EXERCISE REQUIREMENTS – Retype only the lines from the top of the records to the line with "4 (2004): 633–47", including that line but none of the pictures.

Collected data
##############################

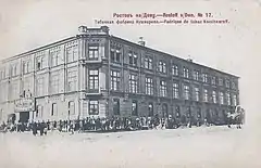 The three-story building in Rostov-on-Don at the corner of present-day Budennovsky Avenue and Pushkinskaya Street was built in the 1880s for the needs of Kushnaryov Tobacco Factory. In 1914 the "Ya. S. Kushnaryov Partnership" together with Aslanidi Tobacco Factory joins merged with Asmolov Tobacco Factory Enterprise, and so the building on Budennovsky Avenue was rebuilt in 1914-1915 in the Empire architectural style on the project of the Armenian architect Arutyun Khristoforovich Zakiev.[1]
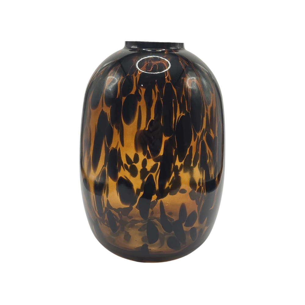 Vaso em vidro pintado em ocre com manchas pretas, estilo tartaruga
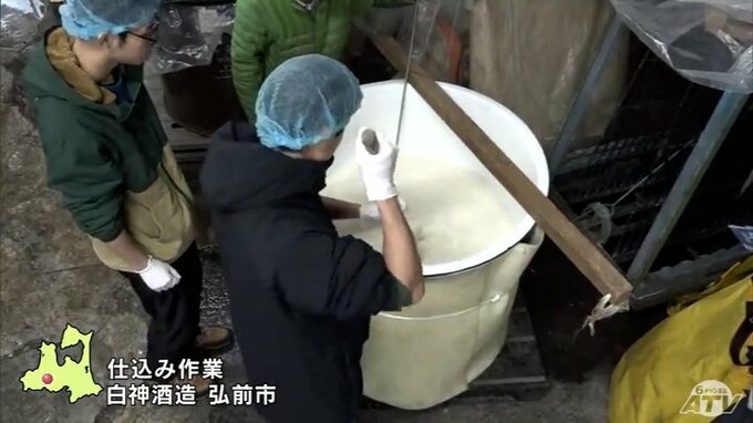 青森県青森市の大学生が弘前市の酒造会社などと協力してオリジナルの日本酒づくりに取り組んでいます。17日は青森大学の学生たちが、弘前市の白神酒造の酒蔵でオリジナルの日本酒=「純米吟醸青森大学」の仕込み作…
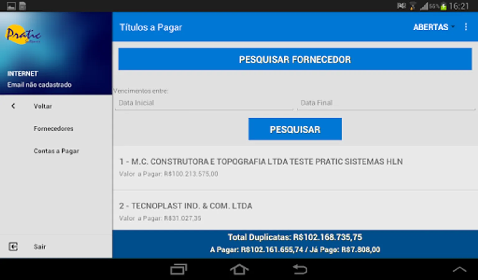 Integration application with the Pratic ERP System Management and Industrial Systems Pratic. Allowing mobiles operators have quick access to management information.
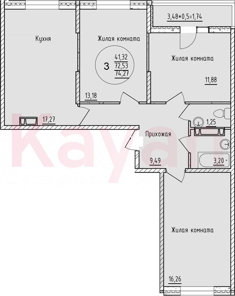 Продажа 3-комн. квартиры, 72.53 кв.м
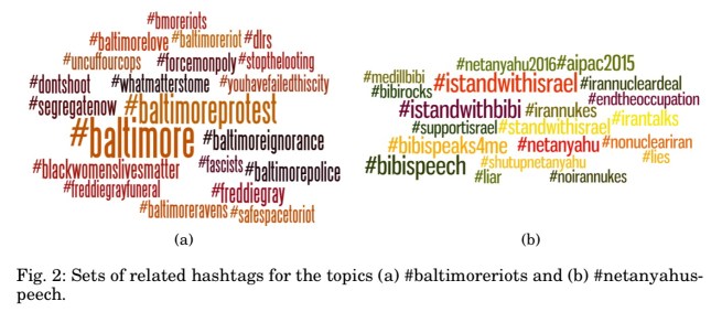 Here are the top-20 hashtag topic clusters for #baltimoreriots and #netanyahuspeech:
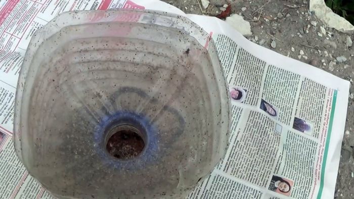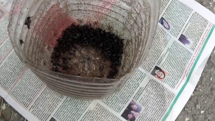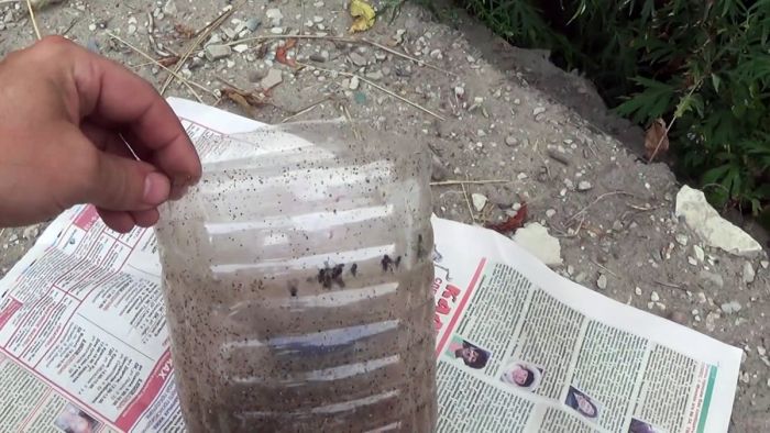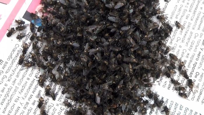 Делается сразу 3-4 таких ловушек, и расставляются по периметру помещения. Залетающие на приманку мухи не смогут выбраться обратно, поэтому так и останутся внутри. За неделю ловушкой из бутыли можно выловить пару сотен мух, которые без еды и воды благополучно погибают. Собранные насекомые можно выбросить или скормить птицам.
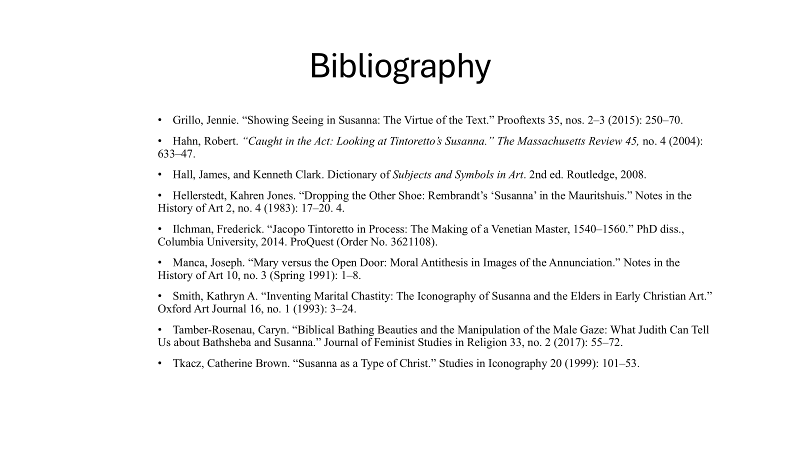 Hahn, Robert. “Caught in the Act: Looking at Tintoretto’s Susanna.” The Massachusetts Review 45, no. 4 (2004): 633–47
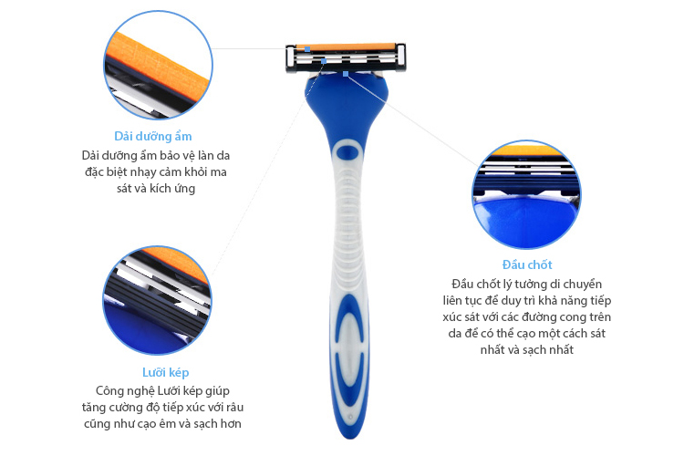 - Hệ thống cạo lưỡi kép giúp tăng tiếp xúc với râu giúp cạo êm và sạch hơn.
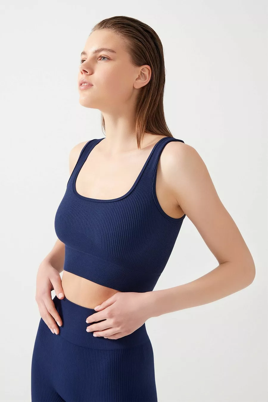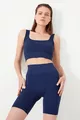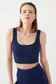 Women's Navy Ribbed Square Neck Crop Top Bustier
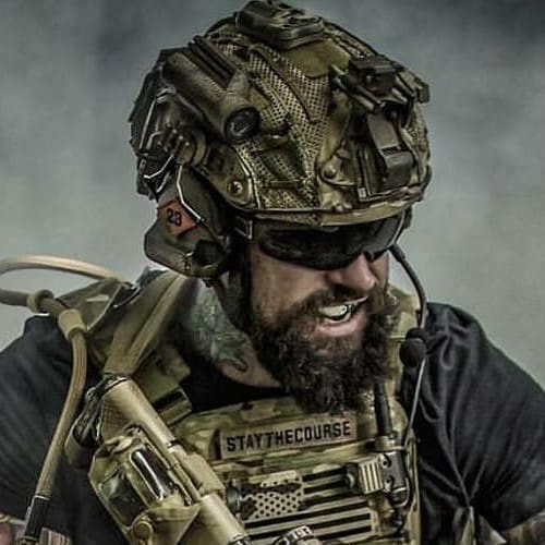 A man in military gear with a helmet on.
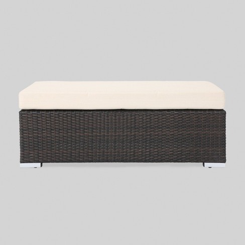 Wing Wicker Patio Storage Bench Multi Brown Christopher Knight
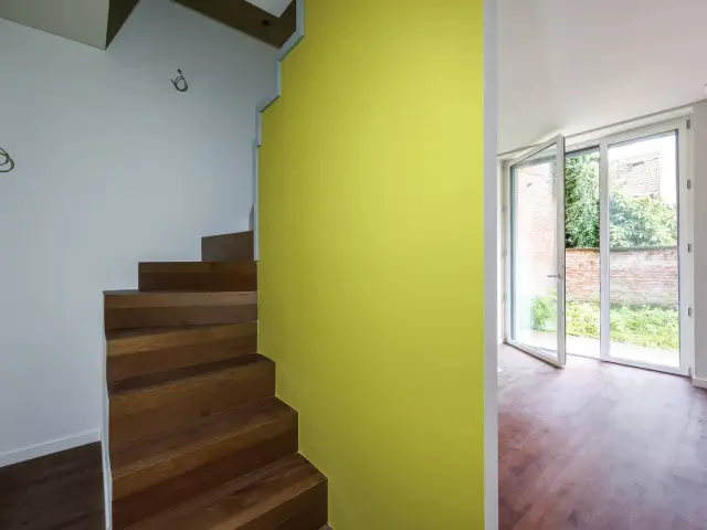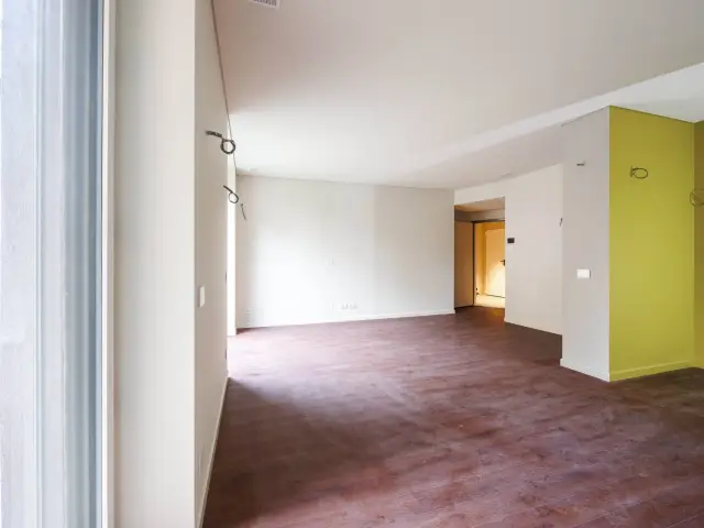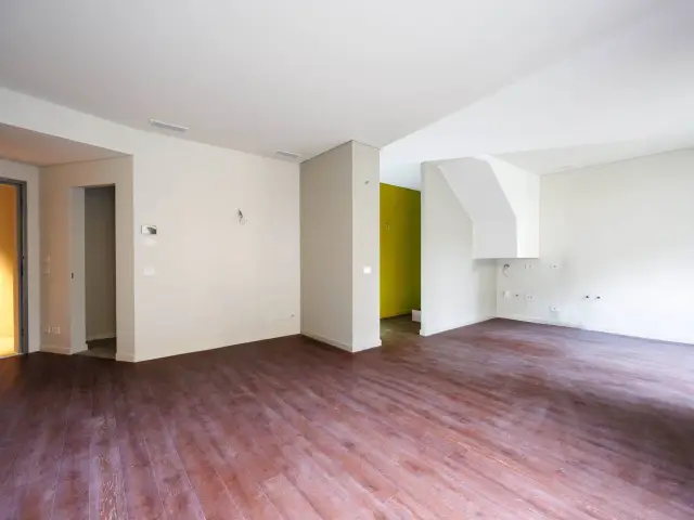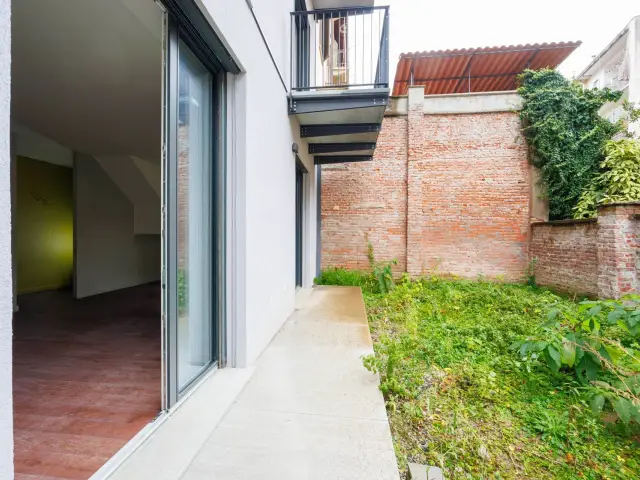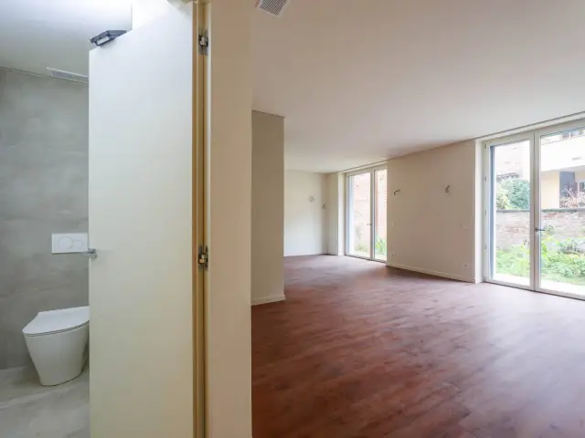 Piano terra: luminoso soggiorno con cucina a vista e affaccio sul giardino privato di 42 mq, bagno.

##############################

OUTPUT –
 The three-story building in Rostov-on-Don at the corner of present-day Budennovsky Avenue and Pushkinskaya Street was built in the 1880s for the needs of Kushnaryov Tobacco Factory. In 1914 the "Ya. S. Kushnaryov Partnership" together with Aslanidi Tobacco Factory joins merged with Asmolov Tobacco Factory Enterprise, and so the building on Budennovsky Avenue was rebuilt in 1914-1915 in the Empire architectural style on the project of the Armenian architect Arutyun Khristoforovich Zakiev.[1]
 Vaso em vidro pintado em ocre com manchas pretas, estilo tartaruga
 青森県青森市の大学生が弘前市の酒造会社などと協力してオリジナルの日本酒づくりに取り組んでいます。17日は青森大学の学生たちが、弘前市の白神酒造の酒蔵でオリジナルの日本酒=「純米吟醸青森大学」の仕込み作…
 Integration application with the Pratic ERP System Management and Industrial Systems Pratic. Allowing mobiles operators have quick access to management information.
 Продажа 3-комн. квартиры, 72.53 кв.м
 Here are the top-20 hashtag topic clusters for #baltimoreriots and #netanyahuspeech:
 Делается сразу 3-4 таких ловушек, и расставляются по периметру помещения. Залетающие на приманку мухи не смогут выбраться обратно, поэтому так и останутся внутри. За неделю ловушкой из бутыли можно выловить пару сотен мух, которые без еды и воды благополучно погибают. Собранные насекомые можно выбросить или скормить птицам.
 Hahn, Robert. “Caught in the Act: Looking at Tintoretto’s Susanna.” The Massachusetts Review 45, no. 4 (2004): 633–47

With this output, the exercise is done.